# Buying without seeing



## PotterWatch (Dec 23, 2011)

Our farm is in the market for a pair of horses to do farm work.  In our area, this is basically non-existent.  Any horses we would be looking at will be out of state and we are not able to make the trip to see them.  Is there any way to do this that is reasonable?  Should I not even consider buying horses I can't see in person?  If we can't buy sight unseen, we may have to ditch the idea of having horses for farm work and I really don't want to do that.


----------



## secuono (Dec 23, 2011)

I bought my mare w/o seeing her. But the seller sent videos and pictures. So that is what you need to do, get lots of images and videos of the horse doing all sorts of things. 
Most states have horses, just takes some looking. Where are you, anyway?
Get a vet to go out and check the horse, not their vet, bout your own.

You may be able to get a forum member to check them out for you if you can find a person that lives near the seller.


----------



## PotterWatch (Dec 23, 2011)

I am in Southern California.  It's not an issue finding most horses around here but finding horses that are already trained for farm work is next to impossible.  I have my eye on two different teams, but I am waiting to hear if they are still available for sale.  They both have a couple pictures and videos posted online but I will ask for more if it gets to that point.  Thanks for the advice on having a vet and/or someone from here look at them.  Once I know which horses we will seriously be looking at, I will try to set up something like that.


----------



## Stacykins (Dec 23, 2011)

Lots of people use draft horse teams here, pulling lumber out of areas that vehicles can't go. Like if someone has their property selectively cut and the machinery can't fit or it is too rough. So the horses with the training you are looking for area definitely out there.
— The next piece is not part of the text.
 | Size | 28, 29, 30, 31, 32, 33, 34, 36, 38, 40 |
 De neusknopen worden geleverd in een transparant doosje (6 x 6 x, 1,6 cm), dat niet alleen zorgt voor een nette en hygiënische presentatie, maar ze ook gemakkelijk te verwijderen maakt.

I hope you can find a horse locally in your area, that you can see for yourself.


----------



## PotterWatch (Dec 23, 2011)

I have been looking for several months and not been sucessful finding anything even close to local.  I have contacted the California draft horse and mule society and they said they don't know of anyone in their organization doing farmwork.  I've also contacted a farm in northern California who does all their farmwork with horses but no joy there.  I'm not giving up hope that something might come up more locally, but I think it's more likely that I will have to look elsewhere.


----------



## ThreeBoysChicks (Dec 24, 2011)

Have you worked horses before?
Have you had draft horses before?

If no to either of them, I would strongly suggest you either find someone near you where you can go or make the trip to go where the horses are and have the current owner teach you about harnessing, hitching, etc.  Get some experiences.
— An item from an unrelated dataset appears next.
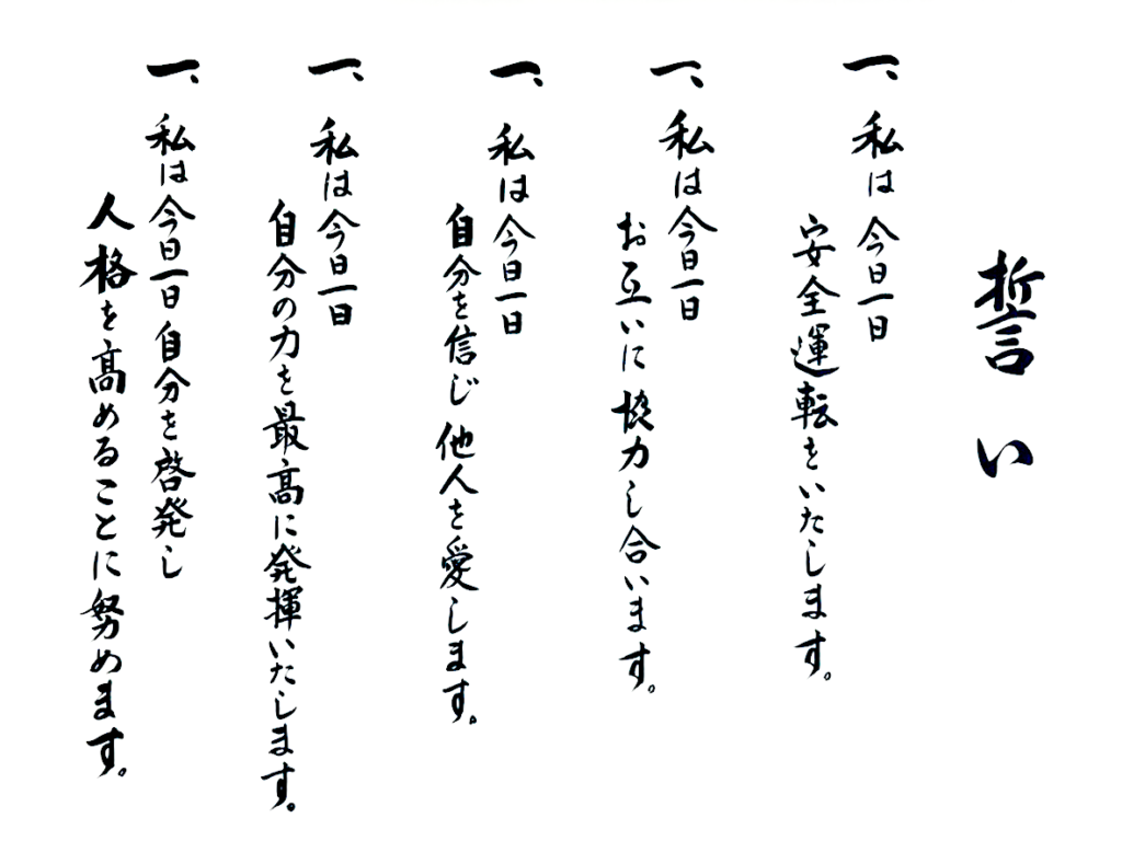 - 仕事(職場)をとおして成長をするため、健康な身体を創りあげるため、一人一人がいきいきとできる職場(現場)であることが大切である。

I have had drafts for a number of years and been around horses for most of my life.  Drafts are big.  They don't have to be mean to hurt someone.  They are big and don't always know their own weight and size.

Just my opinion.

So you are in Southern California, where are the horses that you are considering.


----------



## PotterWatch (Dec 24, 2011)

I have worked with horses before though I haven't owned one in many years.  I haven't ever worked with drafts.  I am actively trying to find someone here or within driving distance who can teach us about harnessing and driving.  I certainly won't be getting horses unless I can accomplish learning to harness and drive first.  
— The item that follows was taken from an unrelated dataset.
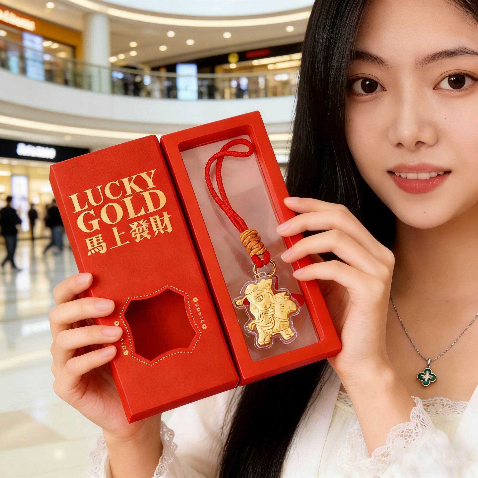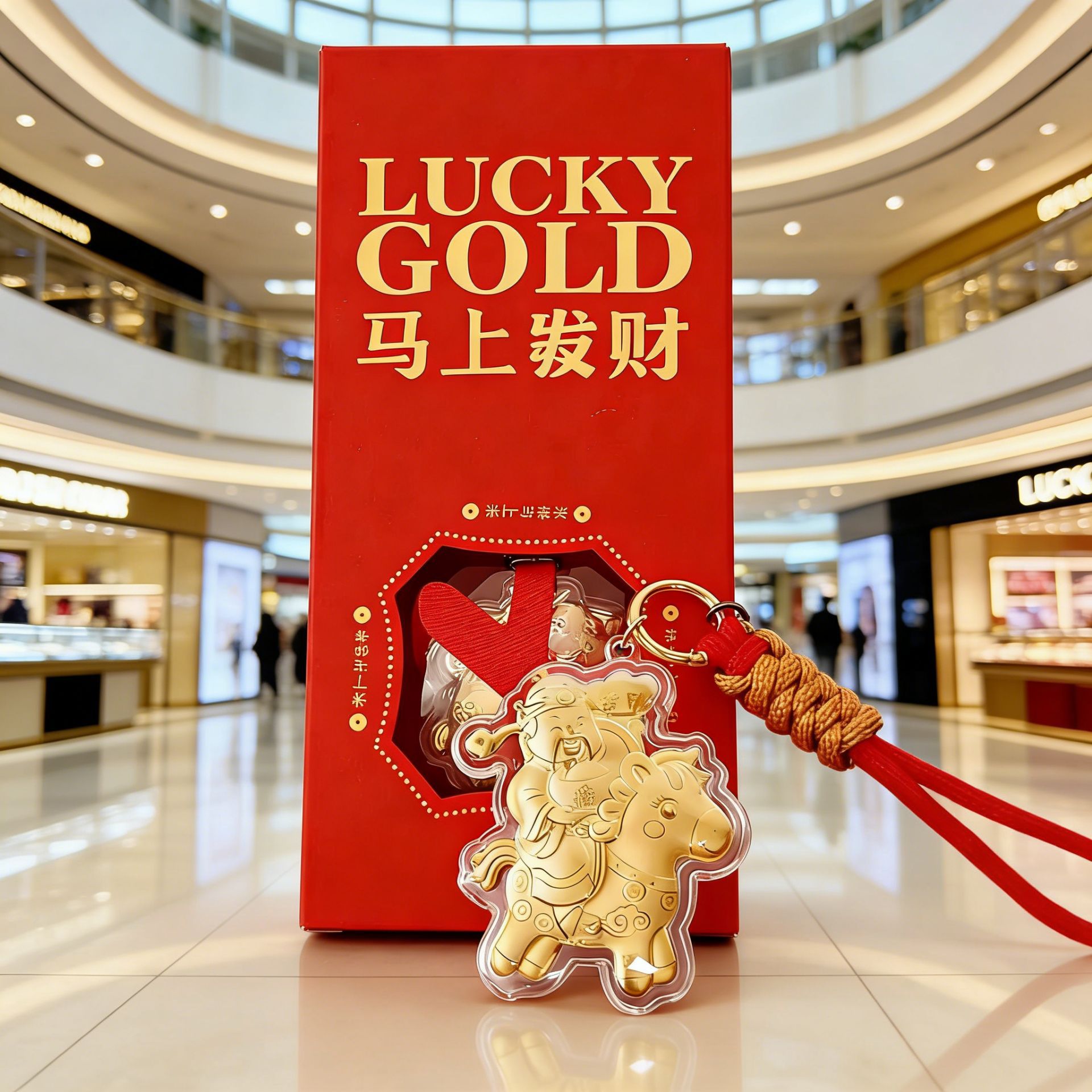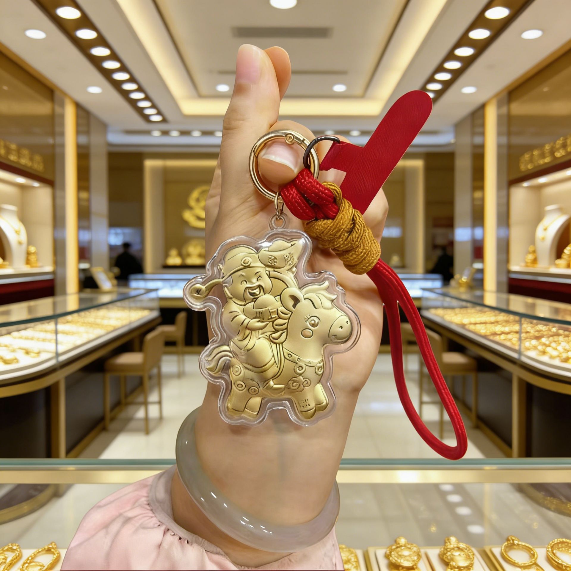 六鑫珠宝 足金999马有钱财神钥匙扣包包挂饰 礼盒装

We are looking mainly at Haflingers as I think they will fit best for our needs.  We don't have a ton of land and the amount of work they will be doing is fairly light as far as those things seem to go.  I don't recall offhand where the two teams I inquired about today are located.  I think one was in Kentucky but I'm not sure about the other.


----------



## ThreeBoysChicks (Dec 24, 2011)

I love Haflingers.  They are amazingly strong.  

Good Luck.


----------



## Roll farms (Dec 24, 2011)

It's a shame you're so far away, the Amish communities around us (1/2 hr away) use trained Halflingers and occasionally have working teams for sale.

It's not like you can contact them online or ask for pictures.......


----------



## 77Herford (Dec 24, 2011)

http://www.nevadacountygold.com/JumpPages/dhc.html
http://www.cdhma.org/

Bet you could look up these breeders and ask them.  They obviously have training and show.


----------



## Horsiezz (Dec 24, 2011)

Theres many in Ohio.... some you can pick up at auction for under $400. I see alot of teams advertised at $2000 around here, some include their harnesses and such. My friend just bought a Haflinger mare, but shes not stocky enough to do farmwork. Make sure you find a stocky one, because some can be a lighter build and dont work out well for that kind of work. There was a 4 year old that was on Craigslist, greenbroke to drive single/double for 500. 56 inches and a stocky boy. If you havent already check online horse classifieds( Google them) or look at your local farm/garden Craigslist. Good luck!


----------